O facto de ser publicado em três línguas, português, chinês e inglês, permitirá o acesso a todos, autores e leitores. Esse esforço de aproximação é, também, posto na legendagem dos concertos programados para 15 e 16 de Março no Casino Venitian. O primeiro, protagonizado pela cantautora taiwanesa Joanna Wang, será traduzido para português e inglês, enquanto o segundo, com as interacções entre Dead Combo e Camané, será legendado para inglês e chinês.

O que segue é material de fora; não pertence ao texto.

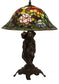 This lamp uses a single 60-watt medium base bulb, providing ample light for reading, working, or simply creating a warm and inviting atmosphere. It is UL listed for damp locations, making it suitable for use in various indoor environments. The stained glass shade diffuses the light beautifully, casting a soft, colorful glow that enhances the ambiance of any room.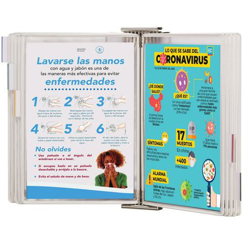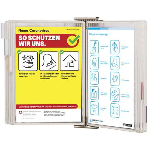 Kit da parete antimicrobico con perno girevole per la consultazione di documenti con la massima igiene.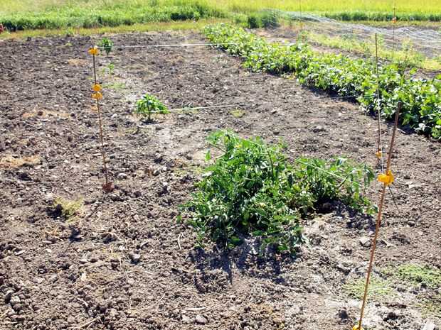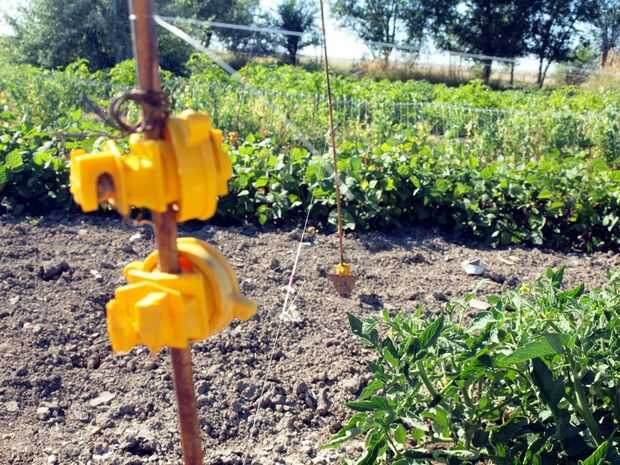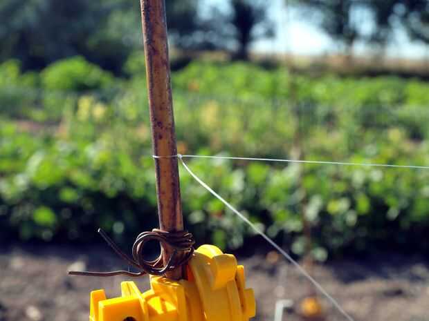 Coloque entre los puestos alrededor de los tomates con un montón de terreno abierto. Atar algunas lineas de pesca para un puesto y carrete hacia fuera para otro post. Cortar en algún lugar en el centro y atar una cuerda de trampa en cada extremo cortado. Atar a lo otros post y si la línea es un poco flojo luego envuélvalo alrededor del poste hasta su agradable y tenso. No conseguir que apretado y partió de la trampa. Continúe alrededor de las plantas de línea de corriente donde quiera parece que puede bloquear el camino de los ciervos. Cuando listo se debe ver lo que casi parece como una tela de araña pasando por el jardín.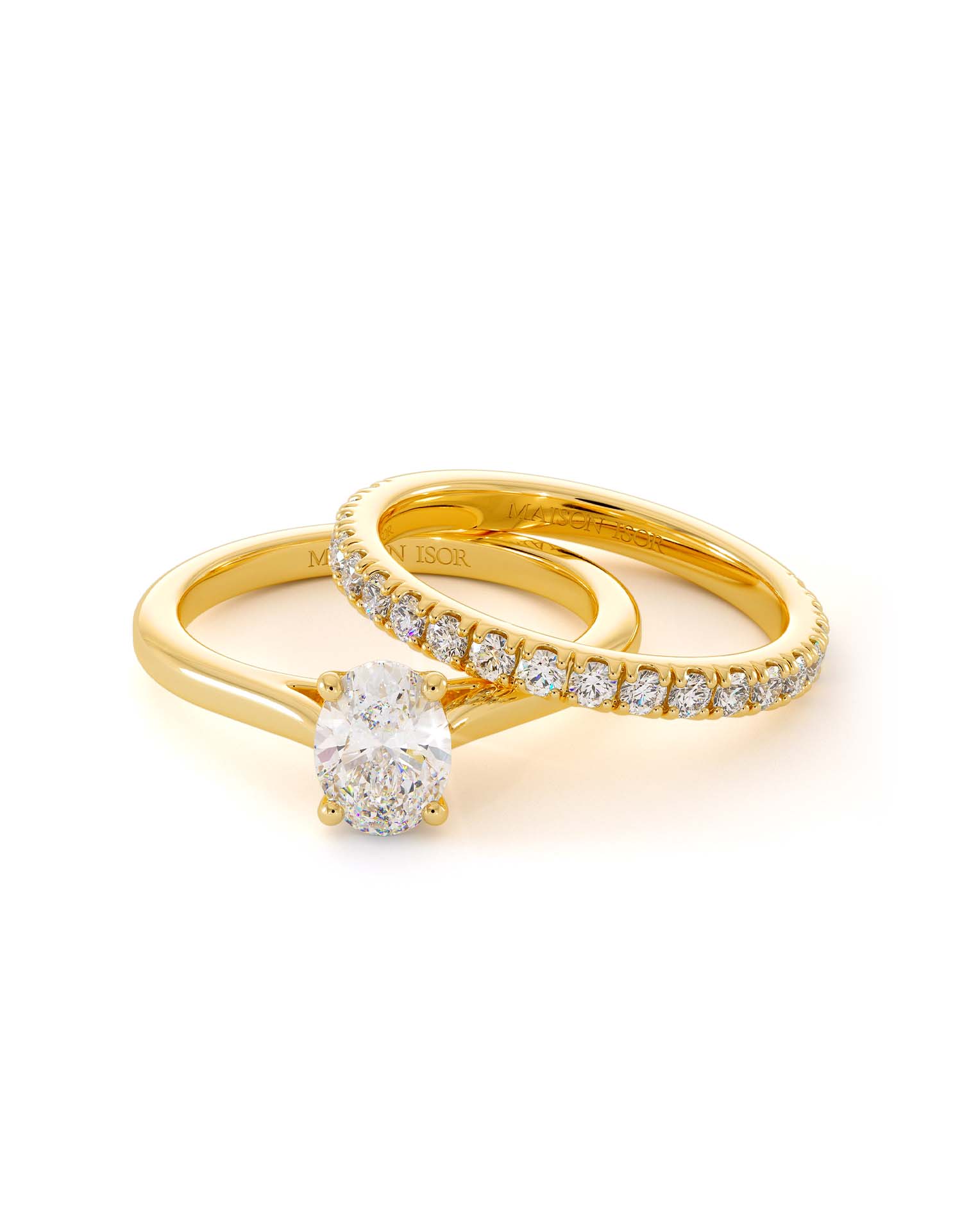 Duo en or 18 carats composé d’un solitaire classique serti d’un oxyde de zirconium taille ovale et d’une alliance assortie pavée de pierres scintillantes.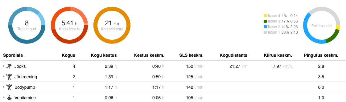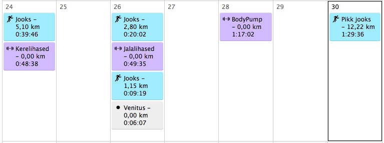 Esmaspäev: Jooks Jõud Venitus. Esmalt jooksime 40 minutit koos Tauri ja Marisega. Jutustades läks aeg väga ruttu ning üldiselt oli mõnus kerge jooks. Edasi jätkasime jõuosaga kerelihastele. Erinevad keretõsted, puusa rullimised, plangud (surumisega ja ilma), puusatõsted, harjutused seljale, topispallide visked. Ausalt öeldes oli mul järgmisel päeval läbi nii kõht, küljed kui ka selg. Järelikult: toimis! 🙂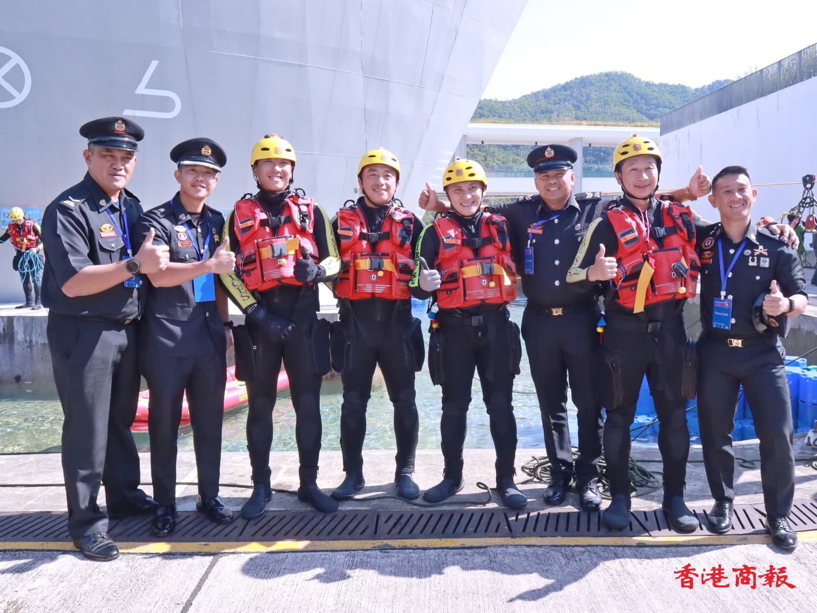 圖片說明:亞太地區相關水域的救援專家與進行示範的香港消防處人員合照。
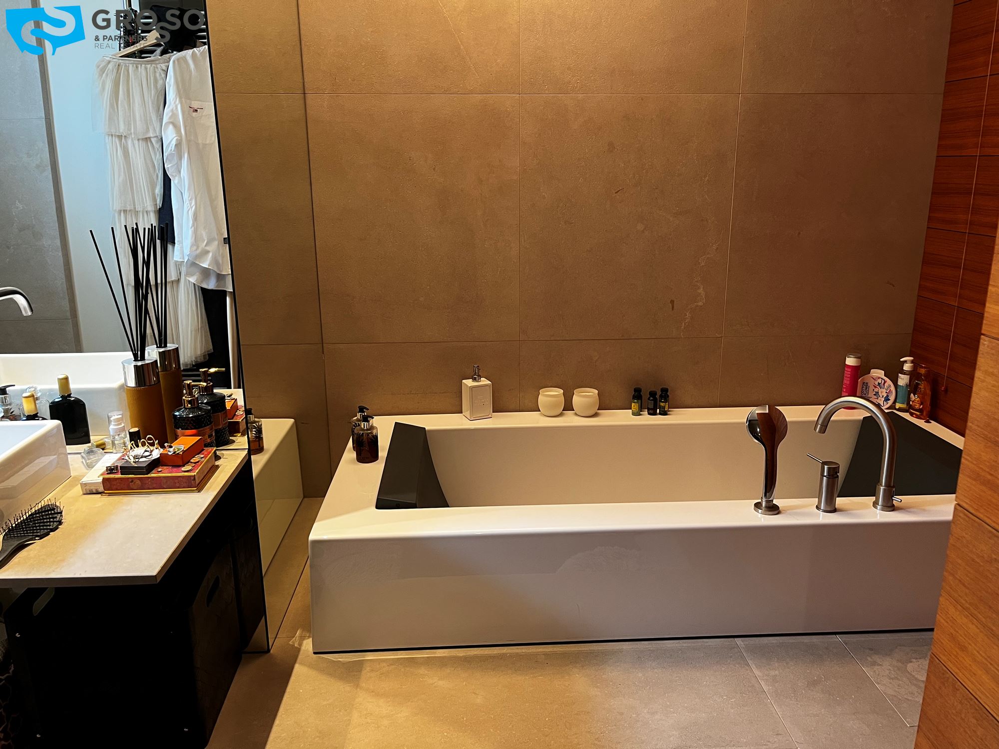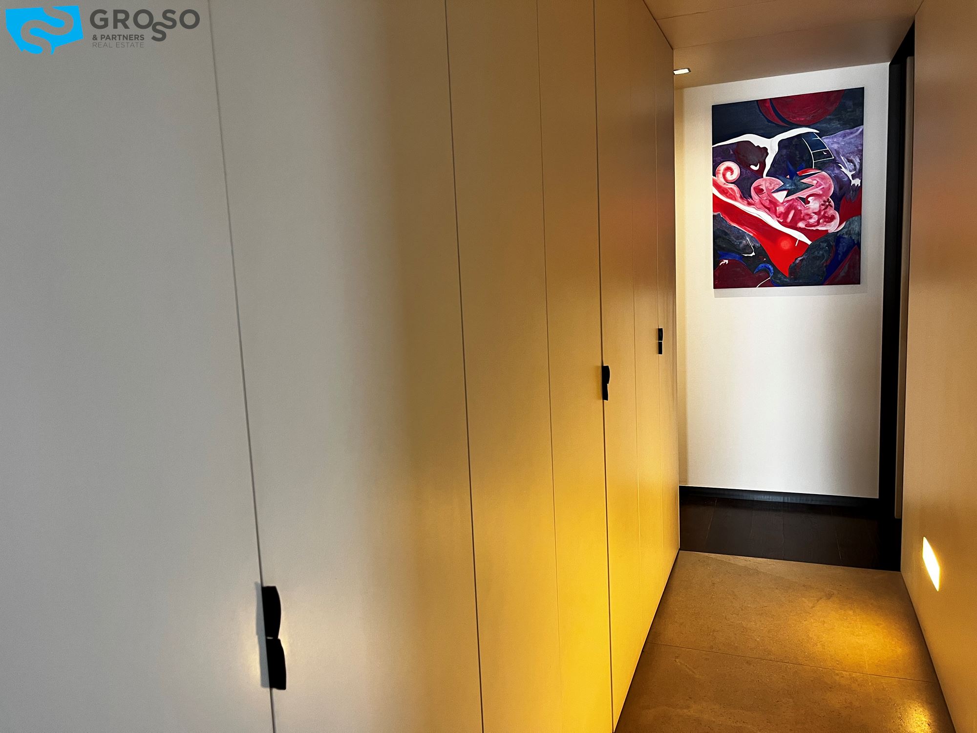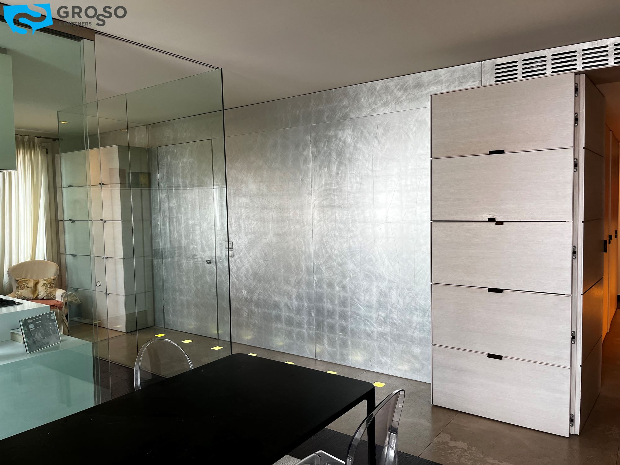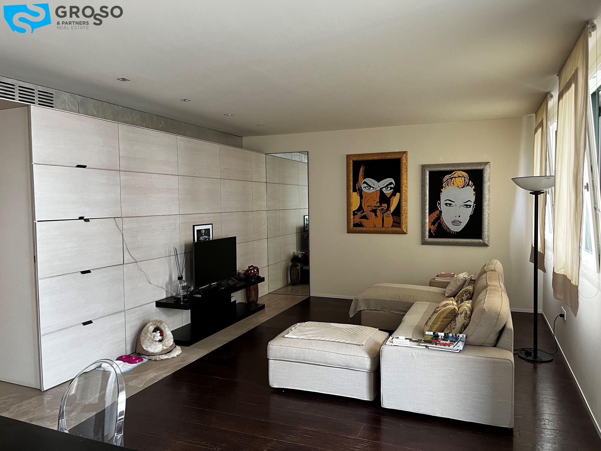 Treviso, in Via Montello, immediato fuori mura a due passi dalle mura cittadine, disponiamo di bellissimo appartamento arredato in stile moderno e dotato di tutti i confort. L'immobile, sito al primo piano dotato di ascensore, è composto da: scenografico ingresso con parete decorata in foglia d'argento, cucina a vista con isola centrale, zona pranzo e soggiorno con parete completamente armadiata e ampie porte finestre ad illuminare la stanza di luce naturale, che si aprono su due poggioli. In zona notte, l'armadiatura a muro si si sviluppa lungo tutto il disimpegno che porta alle tre camere, di cui una matrimoniale con bagno en suite e due doppie. Completano la zona notte due ulteriori bagni e due poggioli. Al piano interrato troviamo il garage e al piano terra il posto auto scoperto all'interno della corte condominiale. L'immobile viene locato con l'arredo quasi completo (mancheranno tavolo, sedie e divano in zona giorno e letto matrimoniale in zona notte). Riscaldamento autonomo a pavimento, raffrecsamento canalizzato, sistema di allarme.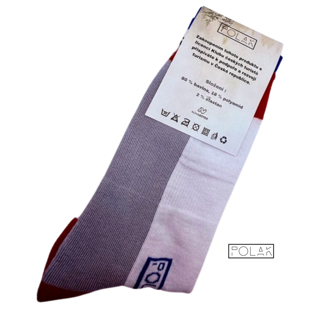 Tyto ponožky vznikly ve spolupráci s Klubem českých turistů a nesou oficiální značení, které znáte z tisíců kilometrů českých tras.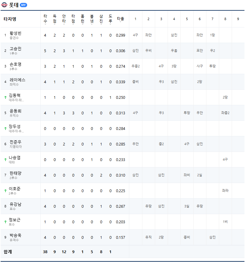 | 7회말 | 2아웃 상황에서 고승민이 우익수 오른쪽 2루타를 쳤지만, 손호영이의 투수 땅볼로 이닝이 종료되었다. |

No cinema, um dos destaques é a ante-estreia da longa-metragem A Última Vez que Vi Macau em solo chinês, antes do filme seguir para o Festival Internacional de Hong Kong. Aos realizadores João Pedro Rodrigues e João Rui Guerra da Mata será dedicada uma retrospectiva com a exibição de China-China e Alvorada Vermelha, curta que nasceu durante a rodagem de A Última Vez que Vi Macau e que foi consagrada no IndieLisboa como melhor curta portuguesa. Será, também, estreada em solo chinês a curtaNa Escama do Dragão, de Ivo Ferreira, encomenda de Guimarães Capital Europeia da Cultura.

O realizador Miguel Gonçalves Mendes regressa a Macau para apresentar parte da série documental Nada Tenho de Meu, iniciada na primeira edição do festival em parceria com os escritores brasileiros Tatiana Salem Levy e João Paulo Cuenca. Este projecto pode ser entendido como o reflexo da troca de experiências destes autores com artistas do Extremo do Oriente - Macau, Hong Kong, Vietname, Cambodja e Tailândia.

Gonçalves Mendes aproveitará a presença de Valter Hugo Mãe para dar início a um novo projecto documental. De acordo com revelações ao PÚBLICO, em Novembro de 2012, o escritor será uma das sete “personagens reais” com quem Miguel, o protagonista que representa o alter-ego do realizador, se vai cruzar durante a sua viagem por cinco países: Portugal, Brasil, Islândia, Inglaterra e Japão.

Outra novidade da edição deste ano é o facto de o festival não se fechar num local específico, como aconteceu o ano passado com todos os eventos programados para o Instituto Politécnico de Macau. A organização elegeu “alguns dos lugares mais dignos de Macau para que os convidados possam conhecer esse lado de Macau que vai para além dos casinos". “Durante o dia os convidados estão na cidade e ao fim da tarde estão programados encontros em bibliotecas, livrarias, sedes de associações, na Casa do Mandarim”, conta Ricardo Pinto.